Two additional cards appear once you already have at least one stream or table: Visualize data (a shortcut to build a Real-Time dashboard from a KQL table) and Explore data in motion (a shortcut to preview a source before committing to building anything on top of it). A Connect weather data card is also present in both states, wiring in a live public weather feed — genuinely useful as a zero-setup way to learn the Eventstream-to-KQL pattern on data that’s already flowing, before pointing the same pattern at your own production sources.

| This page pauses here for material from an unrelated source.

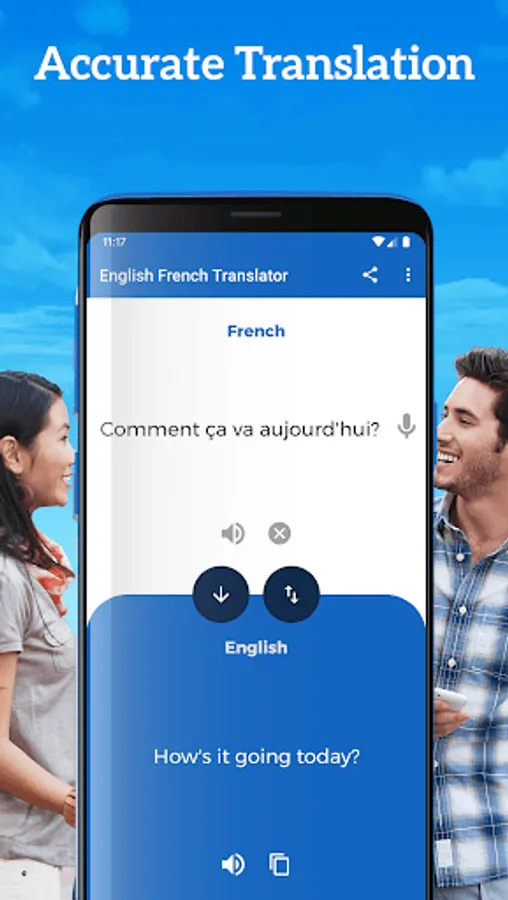 French English translator - free dictionary app, is the best app for French or English translation. Our fast translator application allows you to translate your voice, text and sentences from English to French or French to English.

Inside the All Data Streams table — what every column and action actually means

This is the section most write-ups about Real-Time Hub skip entirely, because it requires actually being in the product rather than describing the concept from the outside. The All Data Streams table is where the catalog lives day to day, and every column carries a specific meaning worth knowing before you’re staring at it during an incident.

ColumnWhat it shows
DataName of the stream or KQL table itself — not its parent item
Source itemName of the parent artifact: the Eventstream name for a stream, the KQL database name for a table
Item ownerWho owns the parent artifact — the person to find when you need to ask a question about the source
WorkspaceWhich workspace the parent artifact actually lives in
EndorsementWhether the parent artifact has been endorsed as reviewed and trustworthy (covered in Section 07)
SensitivityThe sensitivity label on the parent artifact, inherited from Purview classification

The action menu — what the ellipsis actually does, per row

Hovering a row and selecting the ellipsis (...) surfaces a different action set depending on whether the row is a stream or a KQL table. For a stream:

Preview data

Preview the live contents of the stream or a derived stream, without opening the full Eventstream editor

Open eventstream

Jump directly to the parent Eventstream to add transformations or destinations

Endorse

Mark the parent Eventstream as reviewed and trustworthy for the rest of the tenant

For a KQL table, the action set shifts to reflect that you’re working with data at rest rather than a live stream:

Explore data

Open the table in a Real-Time dashboard, using Copilot to help construct the initial view

Open KQL Database

Jump to the parent KQL database to write and run queries directly

Endorse

Mark the parent KQL database as reviewed and trustworthy

Detect anomalies (Preview)

Run anomaly detection against the table’s historical pattern, without writing a custom KQL anomaly query by hand

Create real-time dashboard (Preview)

Generate a starting dashboard from the table’s schema automatically

The filters above the table — Data type, Item owner, Item, and Workspace — combine with the search box, and one filter in particular is worth knowing about deliberately: setting the Workspace filter to My workspace narrows the entire catalog down to just what your own workspace produced, which is the fastest way to confirm “is this stream actually mine” when the tenant-wide view has gotten large enough to be noisy.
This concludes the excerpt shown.